In fact, we had little choice. The old ways were laughably slow. But there was one condition: we had to render everything we sent, the very stuff of our lives, into ones and zeros. That’s how we came to deliver our riches, the key to communications on earth, to the masters of the symbolic language. Now these mathematicians and com
puter scientists are in a position to rule the information of our lives. I call them the Numerati.

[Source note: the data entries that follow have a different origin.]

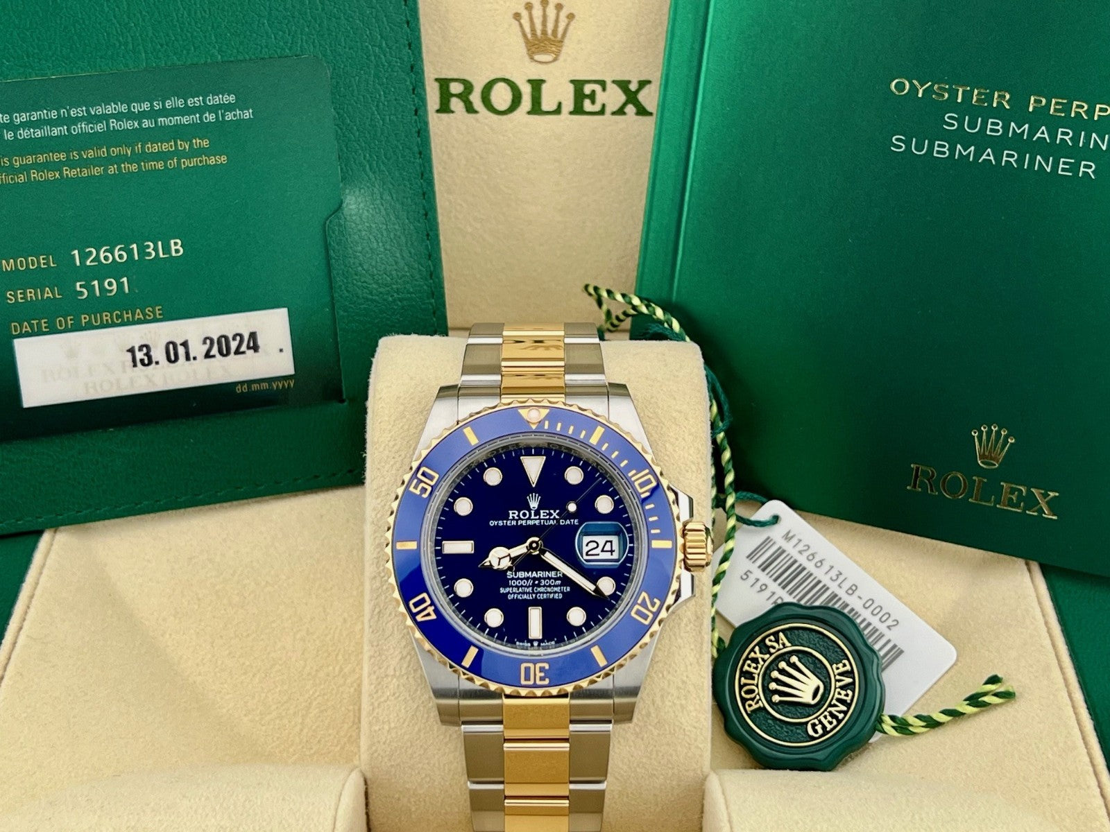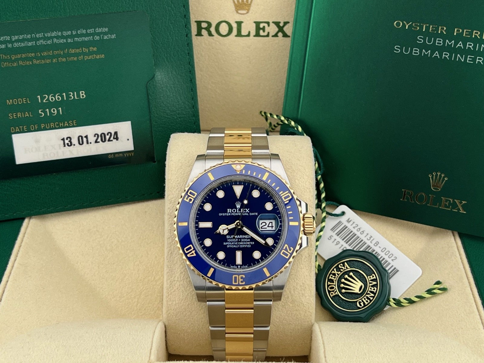 2024 Rolex Submariner Date Bluesy 126613LB 41mm 18k Gold Steel Ceramic Box Paper
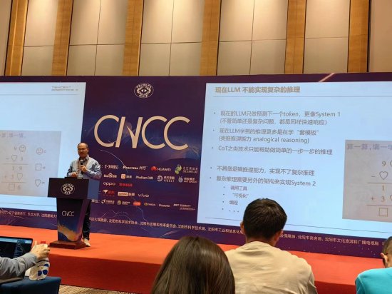 CNCC2023上,腾讯首席科学家、腾讯AI Lab及腾讯Robotics X实验室主任张正友发言指出,现在的大模型,只能预测下一个token,更像System 1,不管简单还是复杂问题,都是同样快速响应,但不能实现复杂的推理。
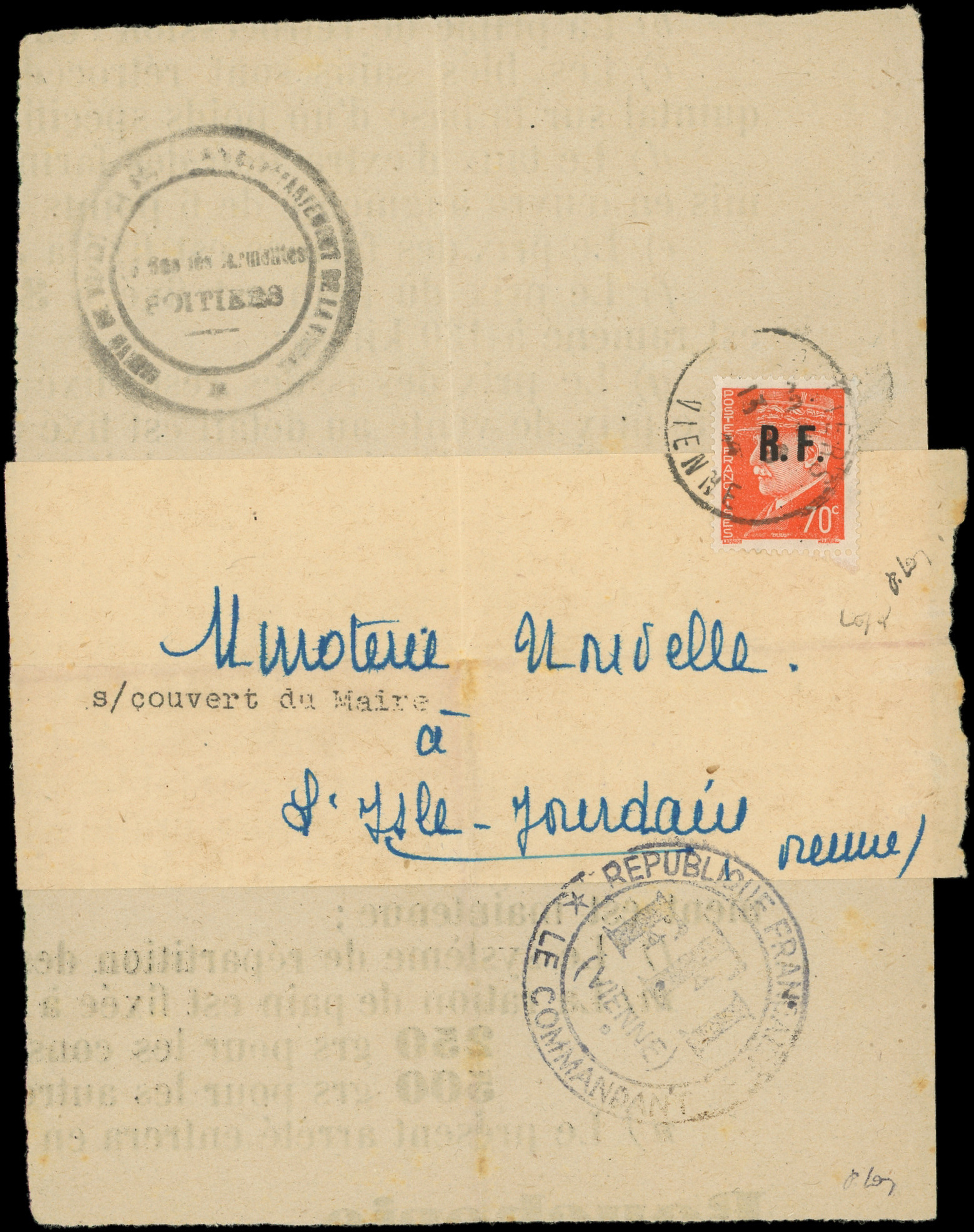 T IV obl. càd sur bande journal adressé "s/couvert du Maire", cachet FFI, R et TB, signé Mayer (Image)
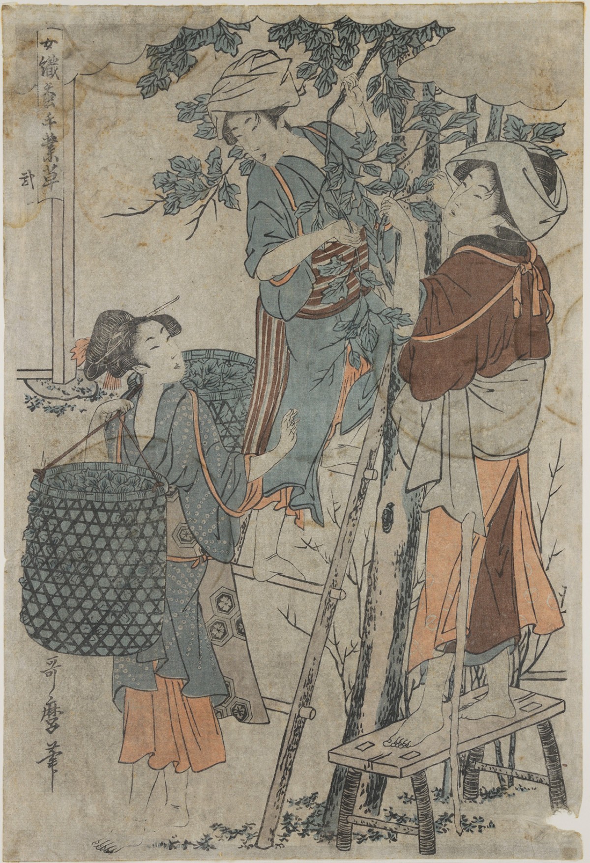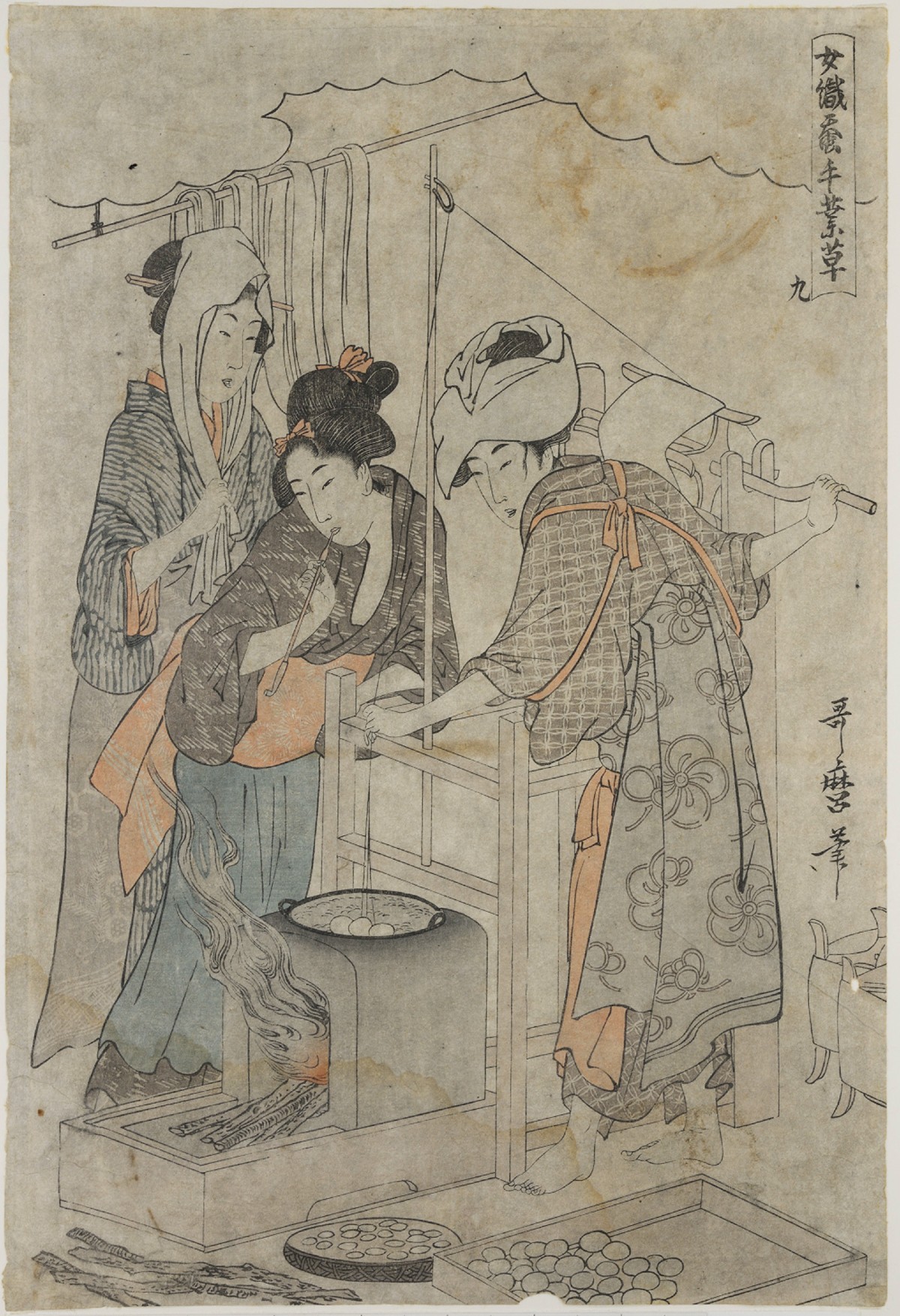 Δώδεκα έγχρωμες ξυλογραφίες του περίφημου καλλιτέχνη Kitagawa Utamaro, από τη σειρά «Η ενασχόληση των γυναικών με τη σηροτροφία», απεικονίζουν τα στάδια μιας παραγωγικής διαδικασίας που παραδοσιακά ανήκε στις γυναικείες εργασίες και αποτελούσε έναν από τους σημαντικότερους κλάδους της οικονομίας του Edo (σημερινό Τόκιο).
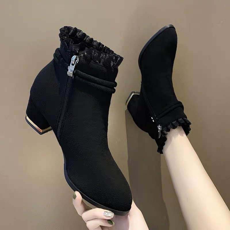Black fashion boots Clearance, Korean Fashion Boots Black Suede Block Clearance
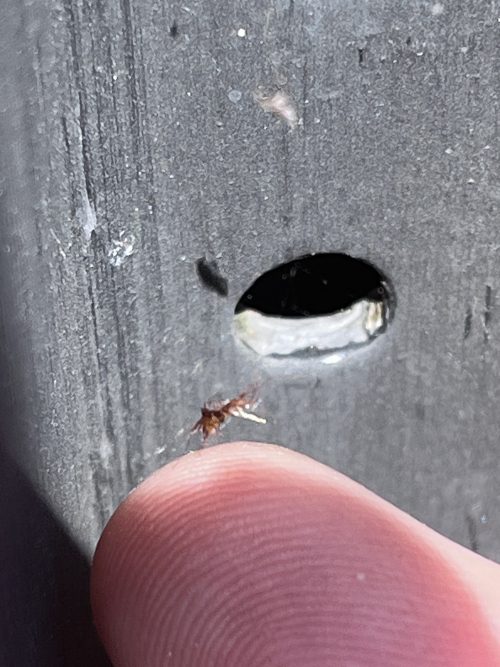 That’s a dead dessicated Dipteran by my finger (I had to poke my finger in to stabilize the victim — it’s windy today, and everything on silk was vibrating madly). So…they’re catching gnats and flies and mosquitos that encounter the tangle of cobweb silk.
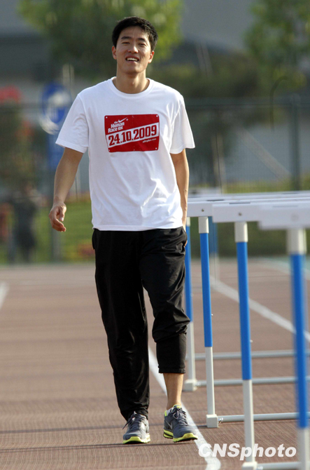 10月22日下午,“飛人”劉翔亮相濟南奧體中心田徑訓(xùn)練場,在教練孫海平的帶領(lǐng)下,輕松備戰(zhàn)全運會。來源:中國新聞網(wǎng)
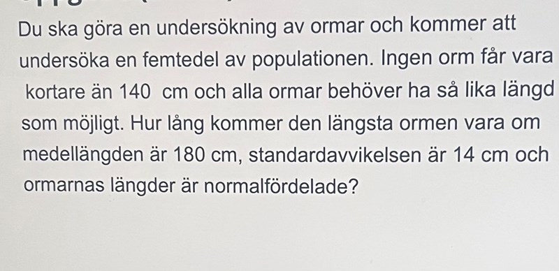 jag har stött på den här uppgiften och hur jag än tänker så fattar jag inte hur jag ska komma till lösningen. Jag förstår alla koncept i sig och jag kan tolka informationen men jag kan bara inte förstå hur jag ska sätta ihop det eller räkna för att få fram svaret. Jag förstår kvartiler, normalfördelning, standardavvikelse… osv men återigen jag förstår bara inte hur jag ska använda infon.
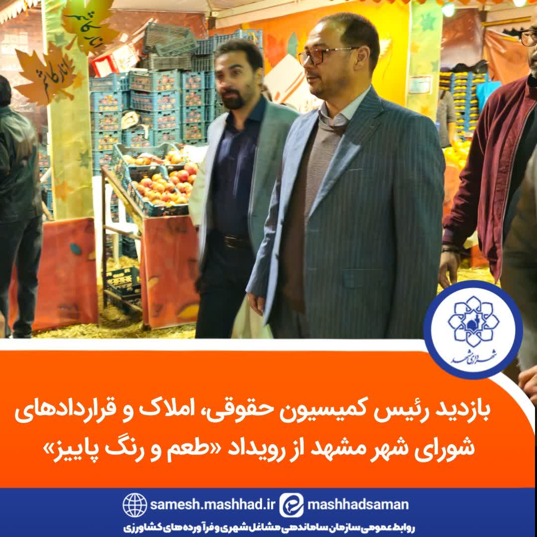 رئیس کمیسیون حقوقی، املاک و قراردادهای شورای شهر مشهد از رویداد «طعم و رنگ پاییز»بازدید کرد.
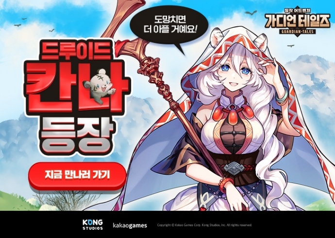 카카오게임즈(각자 대표 남궁훈, 조계현)가 22일, 미국 개발사 콩 스튜디오(대표 원(Won))가 개발한 모바일 RPG '가디언 테일즈'에 신규 영웅 '드루이드 칸나'를 추가했...
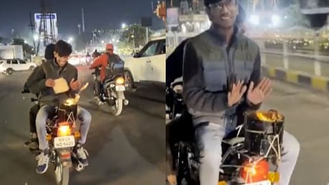 व्हायरल होतं असलेल्या एका व्हिडिओमध्ये दोन तरुण दुचाकीवरून चालले आहेत. प्रवास करत असताना दोघांनी देखील अंगावर स्वेटर घातलेलं दिसत आहे. मात्र थंडी थोडी जास्तच आहे भावा असं म्हणत यातील मागे बसलेल्या तरुणाने चक्क दुचाकीवर आग लावली आहे. म्हणजे हा तरुण दुचाकीवर उलट्या दिशेने बसला आहे आणि मागे पकडण्याच्या हॅण्डलला त्याने एक शेकोटी बनवली आहे. या शेकोटिवर तो मस्त थंडीपासून स्वतःला वाचवत आहे.
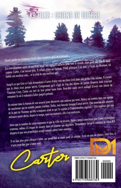Quand garder ses distances s'avère plus complexe qu'il ne le pensait... La convalescence après un accident serait une épreuve difficile pour tout le monde, mais pour une tête de mule comme Carter, c'est encore pire. Il refuse d'être un fardeau. Voilà pourquoi il se tient à l'écart du Montana, où habite son meilleur ami... et la s¿ur de son meilleur ami. Jusqu'à ce que Geir et Cade demandent à Carter d'aller voir un chien livré dans une petite ville voisine. Il s'avère que le chien n'est jamais arrivé. Comprenant qu'il s'agit de l'un des chiens de guerre disparus dont s'occupe Titanium Corp, Carter est ravi de leur prêter main forte. Peut-être aussi est-il soulagé d'avoir une raison de retourner là où il redoutait d'aller jusqu'à présent. En entrant dans le bureau de son associé pour découvrir son cadavre par terre, Hailey est tombée dans une spirale de cauchemar qui ne semble jamais s'arrêter. Enfin, tout bascule lorsque Carter arrive. Que pourrait-elle attendre de la part de l'homme qu'elle a toujours aimé et qui l'a rejetée à d'innombrables reprises ? Elle espérait que son attirance aurait décru, depuis le temps, mais au contraire, elle s'est renforcée. Alors que le nombre de corps augmente et que la ville est divisée, Hailey prend conscience que Carter l'a toujours soutenue, même s'il risque de mourir dans ce combat qui dégénère. Notamment lorsqu'il retrouve le chien K9 disparu et que son propriétaire actuel compte parmi leurs ennemis... Il en faut plus pour effrayer Carter, qui prend fait et cause pour ce combat. Avec un peu de chance, cette fois, il n'aura peut-être pas à lutter seul...
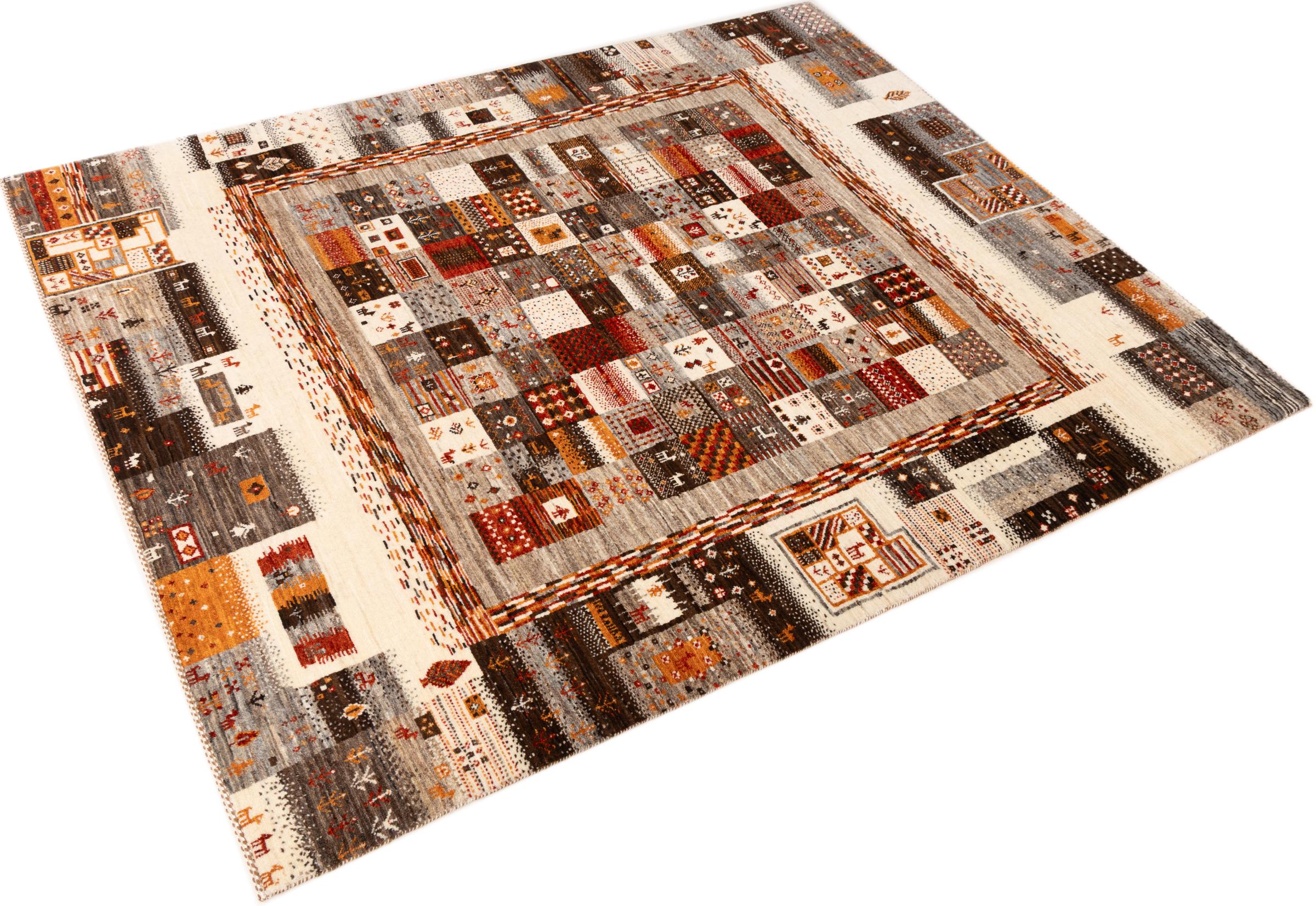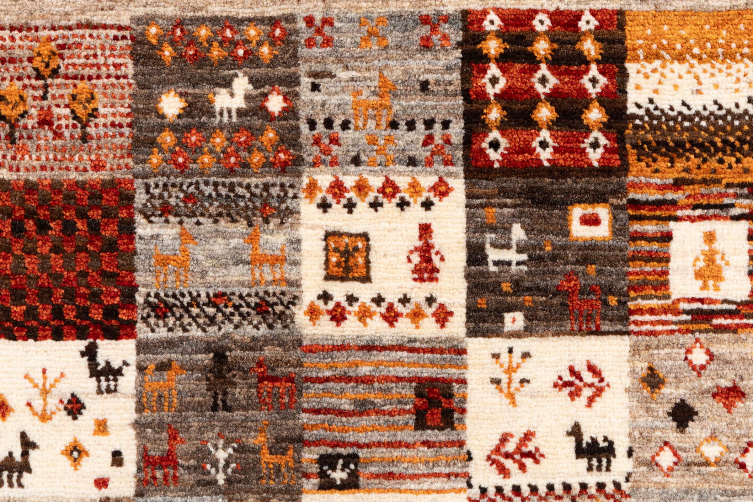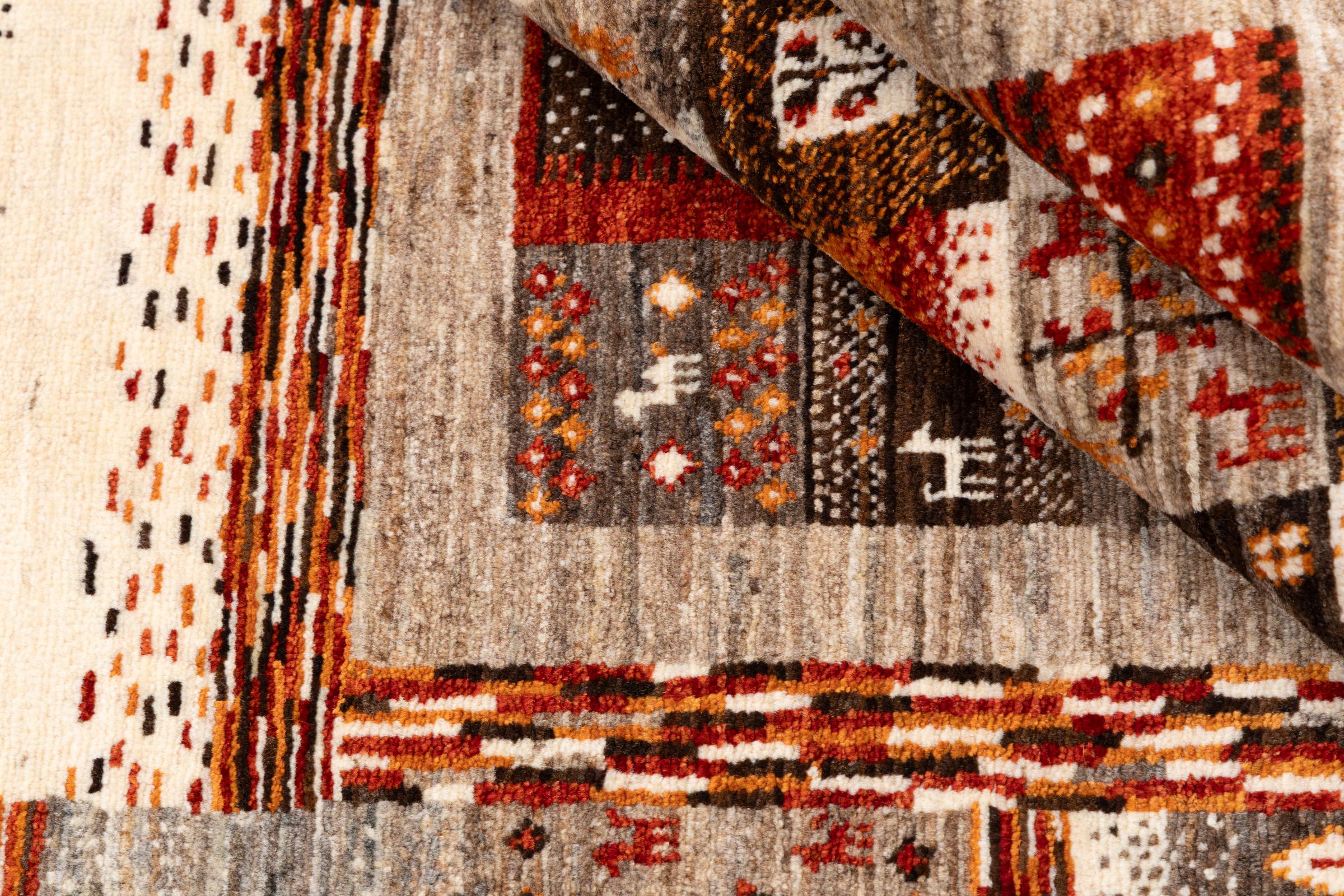 Ce magnifique tapis est un Gabbeh persan et fait donc partie des tapis Gabbeh de la plus haute qualité. Les tapis sont noués par des nomades ou des semi-nomades en Iran selon un savoir-faire traditionnel. Les motifs simples sont pour la plupart inspirés par l'environnement local des nomades. Par exemple, on peut trouver des chameaux, des arbres ou des buissons sur les tapis traditionnels. Les tapis de Gabbeh persan sont faits de laine provenant de troupeaux de moutons élevés localement. La laine est donc encore en grande partie filée à la main. Ainsi, chacun de ces tapis orientaux incarne un caractère unique de culture ancienne.

ON A SWELTERING summer afternoon, Dave Morgan sits in his Spartan office overlooking Seventh Avenue. He has the shade drawn to keep out the heat, and he can’t figure out how to turn on the fluorescent light. Sitting in the shadows, he tells me how marketing has changed over the past generation. Traditionally, he says, marketers concentrated on big groups of us. We weren’t much more diverse, from their point of view, than the lines of General Motors cars: Cadillacs and Buicks for the rich and wannabes, Chevys for the middle class, Pontiacs for young hotshots, and pickup trucks for farmers. They didn’t need to know much more than that because midcentury American factories, whether they were producing blue jeans or peanut butter, were manufacturing mass quantities. Smaller, more focused runs cost too much money. Sure, certain neighborhoods in coastal cities attracted eccentrics who drove foreign cars and walked around in lederhosen or berets. But for the most part, we ate, wore, and drove what the mass-production factories churned out, and we learned about it through the mass media. This model, created in the United States, spread in the decades following World War II across Europe and to much of Asia and Latin America. It was an efficient way to reach millions of consumers with machine-made goods.
Advertising in this industrial complex, Morgan says, was simple. You cut the population into five or six demographic groups, based on income, gender, and neighborhood, and you advertised in the magazines they read and on the TV shows they watched. In an age of virtually indistinguishable products, brands were crucial. This has all changed. “In 50 years,” Morgan says, through the darkness, “we’ve gone from a command-and-control economy to one driven by consumers.” How did this happen? For starters, computers made their way into factories. This gave manufacturers new flexibility. It became much easier to tweak cereals or sodas to create nuttier or more lemony blends. With a simple command, looms weaving a striped pattern switched to plaid. This wasn’t much harder than it is for me to change the font from Times to Papyrus as I write this chapter. And it meant that industry could produce thousands of new variations. At the same time, globalization was dumping products from all over the world practically on our doorstep. Today, choices are nearly limitless. Winning in this crowded marketplace requires far more than industrial efficiency. The trick now is to deliver to each of us the precise flavor and texture and color we want, at just the right price. Consumers run the show, Morgan says. “It’s not controlled by manufacturing or distribution.”